Task directions.
Once the line containing "Blauer Kids giubbino" has been printed, stop; print every line before it exactly, starting at the top of the material below.

Material to process.
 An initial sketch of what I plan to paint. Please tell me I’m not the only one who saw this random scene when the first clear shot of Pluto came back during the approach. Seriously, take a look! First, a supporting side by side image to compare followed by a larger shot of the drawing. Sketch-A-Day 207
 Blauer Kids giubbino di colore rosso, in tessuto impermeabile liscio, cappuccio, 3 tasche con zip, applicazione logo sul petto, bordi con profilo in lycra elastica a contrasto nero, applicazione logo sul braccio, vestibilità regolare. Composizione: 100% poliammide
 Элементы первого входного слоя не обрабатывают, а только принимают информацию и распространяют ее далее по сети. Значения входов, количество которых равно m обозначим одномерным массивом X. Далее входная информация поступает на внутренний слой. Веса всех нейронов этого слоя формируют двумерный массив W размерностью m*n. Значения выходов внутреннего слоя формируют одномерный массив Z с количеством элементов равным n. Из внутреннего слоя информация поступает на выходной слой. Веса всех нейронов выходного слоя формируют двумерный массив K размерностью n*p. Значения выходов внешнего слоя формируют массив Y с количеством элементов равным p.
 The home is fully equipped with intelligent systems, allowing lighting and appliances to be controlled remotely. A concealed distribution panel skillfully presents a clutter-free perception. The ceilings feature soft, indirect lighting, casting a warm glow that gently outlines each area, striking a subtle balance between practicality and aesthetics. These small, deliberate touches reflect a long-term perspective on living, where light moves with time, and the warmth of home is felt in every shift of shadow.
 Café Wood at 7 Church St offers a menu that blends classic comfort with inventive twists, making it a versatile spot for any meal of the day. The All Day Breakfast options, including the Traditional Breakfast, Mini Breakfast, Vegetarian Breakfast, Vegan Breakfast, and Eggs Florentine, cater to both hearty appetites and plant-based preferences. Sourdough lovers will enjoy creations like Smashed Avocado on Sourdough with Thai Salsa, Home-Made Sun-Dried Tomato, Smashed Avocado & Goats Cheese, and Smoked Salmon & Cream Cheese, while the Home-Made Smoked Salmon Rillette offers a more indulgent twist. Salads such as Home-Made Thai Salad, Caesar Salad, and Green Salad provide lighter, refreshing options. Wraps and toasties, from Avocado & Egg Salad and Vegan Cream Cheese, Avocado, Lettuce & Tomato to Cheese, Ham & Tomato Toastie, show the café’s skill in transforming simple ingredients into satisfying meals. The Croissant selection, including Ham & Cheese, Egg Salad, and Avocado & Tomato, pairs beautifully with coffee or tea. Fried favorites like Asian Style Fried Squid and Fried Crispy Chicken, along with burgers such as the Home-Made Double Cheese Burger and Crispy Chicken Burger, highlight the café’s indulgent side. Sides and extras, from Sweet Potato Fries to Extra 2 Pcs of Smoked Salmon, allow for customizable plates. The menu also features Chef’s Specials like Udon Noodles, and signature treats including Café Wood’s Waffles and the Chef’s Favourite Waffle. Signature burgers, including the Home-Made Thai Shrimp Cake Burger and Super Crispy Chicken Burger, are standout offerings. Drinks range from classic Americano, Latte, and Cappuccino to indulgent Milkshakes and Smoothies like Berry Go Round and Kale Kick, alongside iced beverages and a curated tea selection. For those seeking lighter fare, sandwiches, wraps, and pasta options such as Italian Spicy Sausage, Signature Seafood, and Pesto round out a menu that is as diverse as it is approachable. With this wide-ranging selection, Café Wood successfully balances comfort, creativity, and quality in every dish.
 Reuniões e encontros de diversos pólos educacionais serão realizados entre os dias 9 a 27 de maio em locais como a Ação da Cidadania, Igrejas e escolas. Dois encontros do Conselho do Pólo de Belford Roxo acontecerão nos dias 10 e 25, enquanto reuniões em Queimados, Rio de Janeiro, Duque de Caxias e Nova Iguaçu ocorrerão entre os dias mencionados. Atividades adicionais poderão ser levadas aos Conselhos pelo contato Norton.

Task response.
 An initial sketch of what I plan to paint. Please tell me I’m not the only one who saw this random scene when the first clear shot of Pluto came back during the approach. Seriously, take a look! First, a supporting side by side image to compare followed by a larger shot of the drawing. Sketch-A-Day 207
 Blauer Kids giubbino di colore rosso, in tessuto impermeabile liscio, cappuccio, 3 tasche con zip, applicazione logo sul petto, bordi con profilo in lycra elastica a contrasto nero, applicazione logo sul braccio, vestibilità regolare. Composizione: 100% poliammide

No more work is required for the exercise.